From the early 1980s, Gligić closely collaborated with Korean virologist Professor Ho Wang Lee, the discoverer of the Hantaan virus. She was a founding and active member of the International Society for Hantaviruses, significantly contributing to the global scientific exchange in this field.

=== Other pathogen research ===
In addition to her work on viral hemorrhagic fevers, Gligić conducted research on the West Nile virus, monitoring its spread and epidemiological risk in Southeastern Europe. She was also involved in laboratory studies of Coxiella burnetii, the bacterium that causes Q fever, focusing on zoonotic transmission and biosafety.
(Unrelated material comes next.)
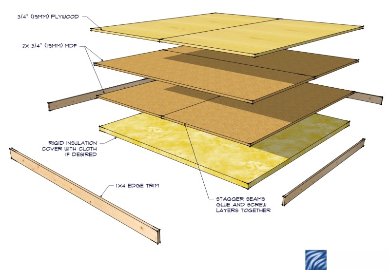 If I don't completely float a new floor assembly and go for a decoupled solution as in figures 10.16 and 10.19, my thinking is to add as much Gypcrete mass as possible, replace the two layers of 1/2" plywood with two layers of 3/4" MDF, and apply 2-3 tubes worth of Green Glue (per 4'x8' area) between all solid faces. The entire studio floor would essentially resemble the Glenn Drum Riser design sitting on top of Gypcrete.

Throughout her early career at the Torlak Institute, Gligić collaborated with German virologist Professor Rudolf Siegert, co-editor of the monograph Marburg Virus Disease (Springer, 1971). Together, they co-authored a chapter documenting clinical and epidemiological observations during the 1967 outbreak.
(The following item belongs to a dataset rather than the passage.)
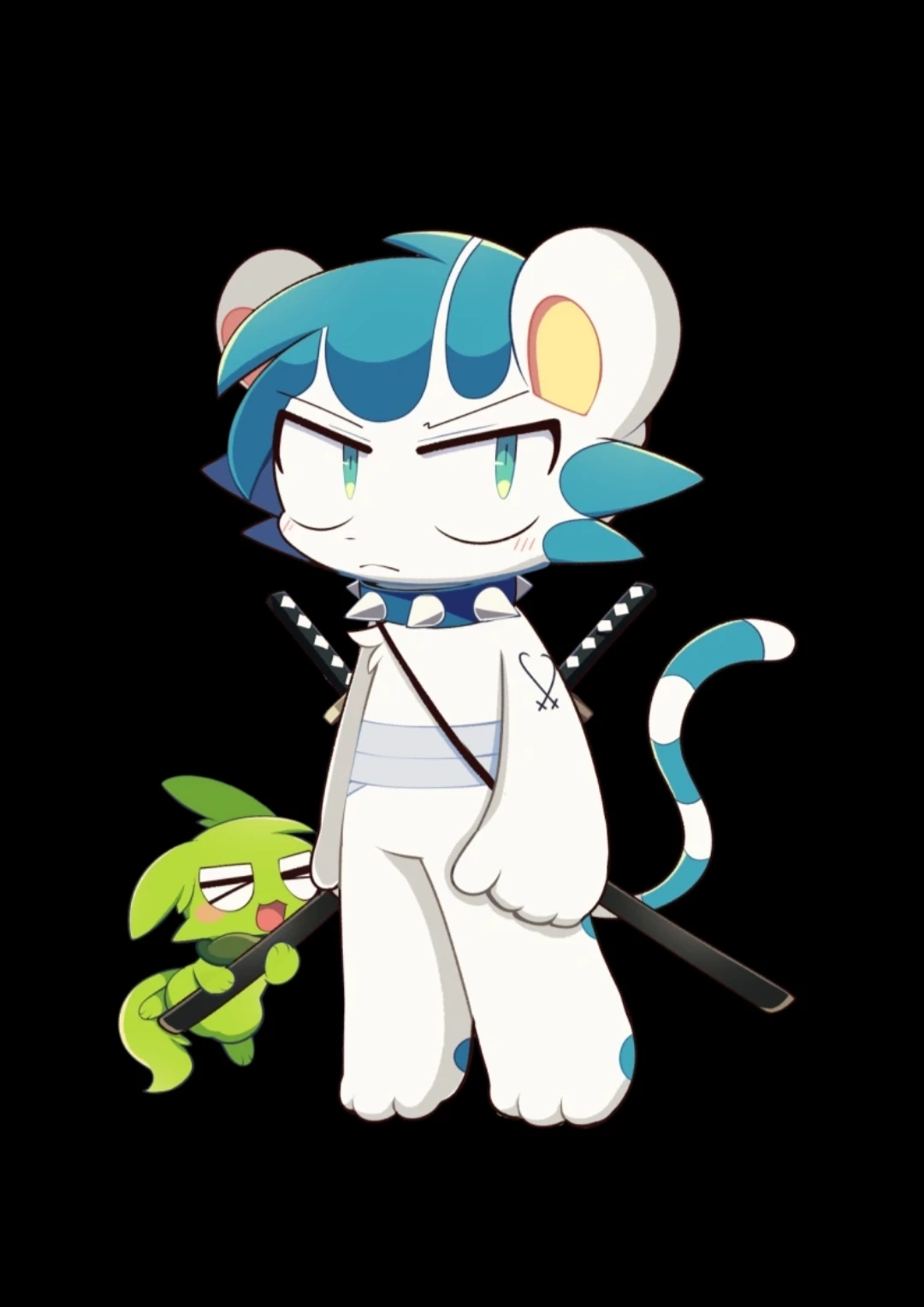 He is a tiger-like character that has white fur, two teal blue hair tufts on the sides of his head, teal-green eyes, teal blue hair and a white teal-blue patterned tail. He wears a teal-blue spiked collar and he has bandages wrapped around his waist along with two katanas on his back.

== Recognition and legacy ==
In 2025, The Lancet Infectious Diseases published an obituary recognizing Gligić as a "renowned virologist and expert in medical microbiology" and concluded: "The world will not forget her contribution to science and health care; she will be remembered forever."

== Selected publications ==
- Gligić, A.; Stojanović, R.; Obradović, M.; Radović, I.; Nikolić, M.; Shelokov, A. (1971). "Two cases of Cercopithecus-monkey-associated haemorrhagic fever". Bulletin of the World Health Organization. 45(5–6): 567–573. PMID 5316914.
- Gligić, A. (2009). "A forgotten episode of Marburg virus disease: Belgrade, Yugoslavia, 1967". Microbiology and Molecular Biology Reviews. 73(4): 935–944. doi:10.1128/MMBR.00022-09.
- Gligić, A. et al. (1992). "Belgrade Virus: A New Hantavirus Causing Severe Hemorrhagic Fever with Renal Syndrome in Yugoslavia". The Journal of Infectious Diseases. 166(1): 113–120. doi:10.1093/infdis/166.1.113.
- Ristanović, E. et al. (2016). "Smallpox as an actual biothreat: lessons learned from its outbreak in ex-Yugoslavia in 1972". Ann Ist Super Sanita. 52(4): 587–597. doi:10.4415/ANN_16_04_21.